» BRIEF
The listing must be copied out in full and exactly; no images go with it.

» SOURCE DATA
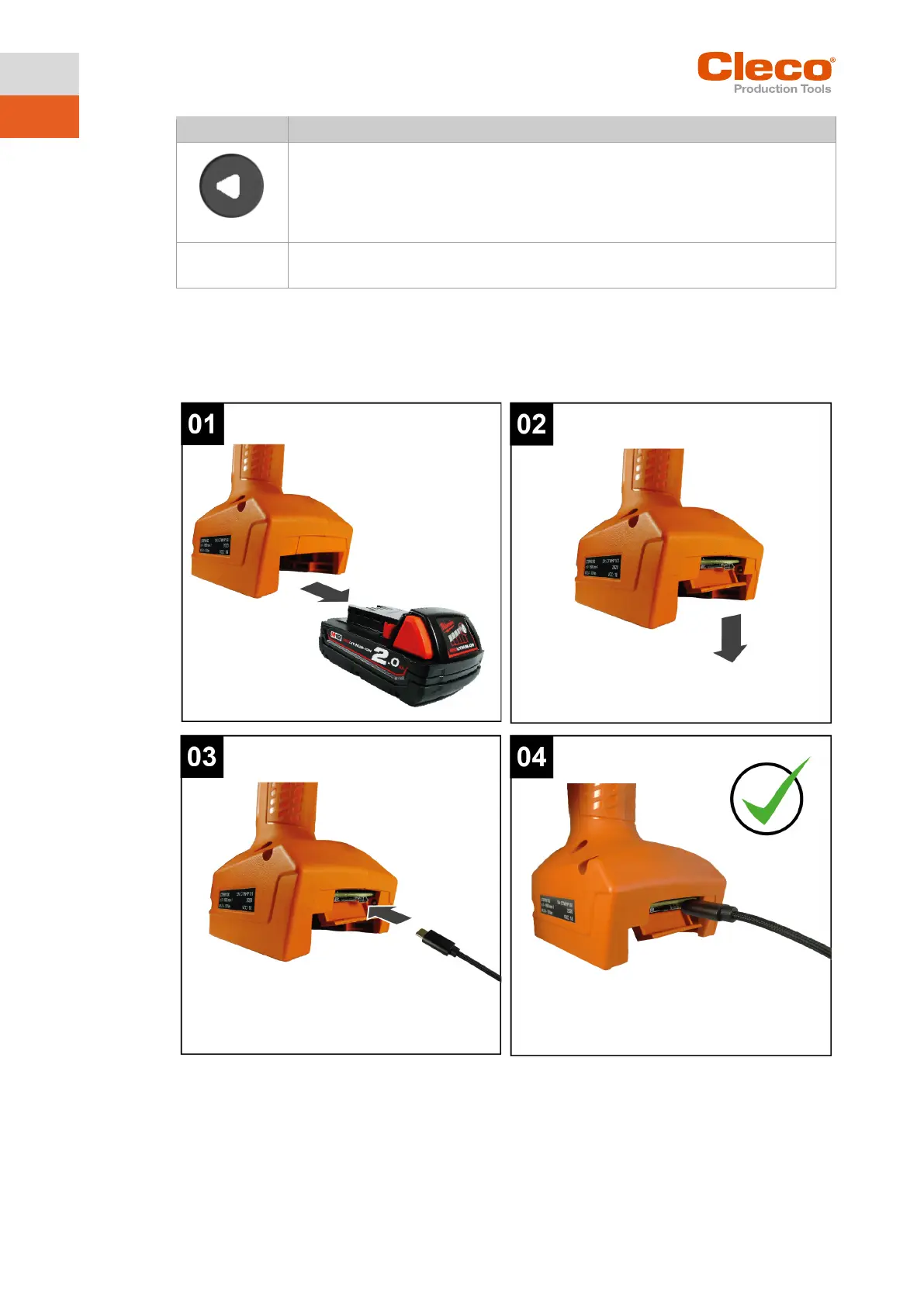 Connection for a Micro B USB cable to connect the tool to an external device interface.
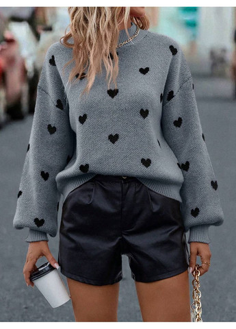 Цвет Серый / Узор Сердечки / Стиль Повседневный / Длина рукава Длинный
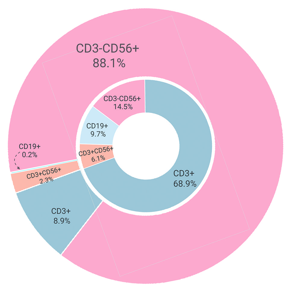 В стартовой фракции мононуклеаров медиана содержания НК-клеток ^56^3“) от всех лимфоцитов составила 14,5% (6,5-24,1%), медиана содержания T-лимфоцитов (CD56-CD3+) - 71,7% (61,3-81,0%). Вариабельность процентного содержания НК-клеток во фракции мононуклеаров была значительно выше, чем T-лимфоцитов (коэффициент вариации 12% и 49% соответственно).
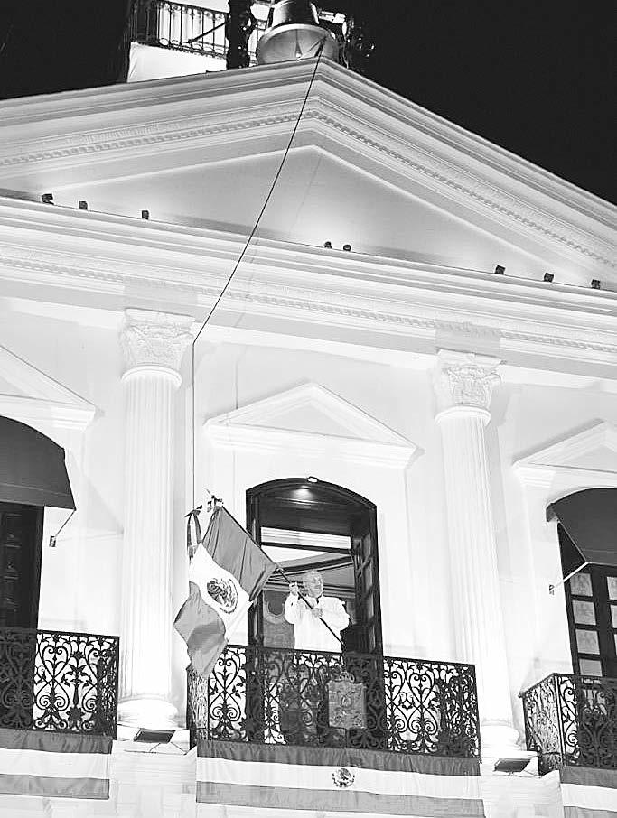 Desde el balcón de Palacio de Gobierno, Carlos Manuel Merino Campos honró la memoria de los héroes de Independencia y, replicando lo que hizo el cura Miguel Hidalgo la madrugada del 16 de septiembre, sonó la campana ubicada en lo alto de la sede del Poder Ejecutivo y ondeó la bandera tricolor.

» RESPONSE
 Connection for a Micro B USB cable to connect the tool to an external device interface.
 Цвет Серый / Узор Сердечки / Стиль Повседневный / Длина рукава Длинный
 В стартовой фракции мононуклеаров медиана содержания НК-клеток ^56^3“) от всех лимфоцитов составила 14,5% (6,5-24,1%), медиана содержания T-лимфоцитов (CD56-CD3+) - 71,7% (61,3-81,0%). Вариабельность процентного содержания НК-клеток во фракции мононуклеаров была значительно выше, чем T-лимфоцитов (коэффициент вариации 12% и 49% соответственно).
 Desde el balcón de Palacio de Gobierno, Carlos Manuel Merino Campos honró la memoria de los héroes de Independencia y, replicando lo que hizo el cura Miguel Hidalgo la madrugada del 16 de septiembre, sonó la campana ubicada en lo alto de la sede del Poder Ejecutivo y ondeó la bandera tricolor.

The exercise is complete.